GIVEN DATA:
----------------

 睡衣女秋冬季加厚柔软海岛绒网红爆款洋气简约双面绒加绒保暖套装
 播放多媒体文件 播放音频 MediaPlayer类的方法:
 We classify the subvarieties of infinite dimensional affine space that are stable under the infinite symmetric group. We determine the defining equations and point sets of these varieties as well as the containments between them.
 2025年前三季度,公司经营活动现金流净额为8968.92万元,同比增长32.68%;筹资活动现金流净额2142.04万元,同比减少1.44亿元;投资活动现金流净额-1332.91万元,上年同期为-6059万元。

----------------

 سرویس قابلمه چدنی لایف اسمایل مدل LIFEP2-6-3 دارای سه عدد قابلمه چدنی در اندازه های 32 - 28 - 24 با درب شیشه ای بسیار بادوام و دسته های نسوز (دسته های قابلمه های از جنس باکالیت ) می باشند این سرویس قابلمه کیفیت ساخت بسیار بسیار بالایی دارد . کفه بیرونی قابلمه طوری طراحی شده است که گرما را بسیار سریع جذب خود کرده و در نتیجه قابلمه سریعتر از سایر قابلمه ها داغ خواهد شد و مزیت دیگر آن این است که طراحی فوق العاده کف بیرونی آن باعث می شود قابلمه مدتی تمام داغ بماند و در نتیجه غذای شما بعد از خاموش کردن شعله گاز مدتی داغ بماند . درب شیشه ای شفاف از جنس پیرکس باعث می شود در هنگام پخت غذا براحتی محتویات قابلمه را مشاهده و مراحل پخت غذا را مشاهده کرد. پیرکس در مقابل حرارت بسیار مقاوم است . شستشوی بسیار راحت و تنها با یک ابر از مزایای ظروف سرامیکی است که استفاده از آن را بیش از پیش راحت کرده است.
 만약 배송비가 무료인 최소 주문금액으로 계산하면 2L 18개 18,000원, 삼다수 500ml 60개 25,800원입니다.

----------------

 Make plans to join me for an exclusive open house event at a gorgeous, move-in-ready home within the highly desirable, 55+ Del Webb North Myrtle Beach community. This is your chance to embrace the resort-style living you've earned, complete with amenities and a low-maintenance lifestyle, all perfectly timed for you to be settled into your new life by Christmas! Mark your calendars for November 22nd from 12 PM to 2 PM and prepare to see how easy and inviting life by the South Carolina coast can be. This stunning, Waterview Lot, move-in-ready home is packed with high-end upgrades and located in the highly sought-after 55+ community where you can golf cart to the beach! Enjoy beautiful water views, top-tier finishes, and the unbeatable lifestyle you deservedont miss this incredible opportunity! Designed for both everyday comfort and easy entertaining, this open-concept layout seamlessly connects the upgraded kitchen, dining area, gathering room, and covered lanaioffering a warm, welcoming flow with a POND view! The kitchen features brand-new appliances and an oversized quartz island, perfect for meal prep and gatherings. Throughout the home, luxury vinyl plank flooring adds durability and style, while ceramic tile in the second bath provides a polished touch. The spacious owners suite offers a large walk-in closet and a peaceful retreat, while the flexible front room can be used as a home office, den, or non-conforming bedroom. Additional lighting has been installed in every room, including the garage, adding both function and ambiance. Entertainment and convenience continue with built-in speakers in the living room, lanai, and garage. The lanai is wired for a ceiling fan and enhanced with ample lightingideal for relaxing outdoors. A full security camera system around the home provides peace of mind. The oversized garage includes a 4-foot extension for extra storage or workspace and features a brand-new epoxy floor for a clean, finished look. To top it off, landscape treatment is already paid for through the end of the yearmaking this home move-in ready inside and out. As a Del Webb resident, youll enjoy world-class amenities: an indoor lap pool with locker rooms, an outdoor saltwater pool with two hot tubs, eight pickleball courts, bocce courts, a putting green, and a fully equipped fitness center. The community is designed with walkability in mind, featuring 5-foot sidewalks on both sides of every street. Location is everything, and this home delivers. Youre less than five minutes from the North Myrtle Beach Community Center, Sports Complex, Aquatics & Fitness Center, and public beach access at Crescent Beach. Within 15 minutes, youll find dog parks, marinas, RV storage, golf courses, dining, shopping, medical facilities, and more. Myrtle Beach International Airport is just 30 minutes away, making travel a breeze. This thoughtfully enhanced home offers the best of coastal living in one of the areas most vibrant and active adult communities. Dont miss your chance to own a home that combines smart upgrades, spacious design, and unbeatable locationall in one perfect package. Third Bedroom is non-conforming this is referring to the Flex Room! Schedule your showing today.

----------------

In the data above, find the line with "We classify the" and the line with "2025年前三季度,公司经营". Retype both, plus every line between them, exactly.

EXERCISE SOLUTION:
 We classify the subvarieties of infinite dimensional affine space that are stable under the infinite symmetric group. We determine the defining equations and point sets of these varieties as well as the containments between them.
 2025年前三季度,公司经营活动现金流净额为8968.92万元,同比增长32.68%;筹资活动现金流净额2142.04万元,同比减少1.44亿元;投资活动现金流净额-1332.91万元,上年同期为-6059万元。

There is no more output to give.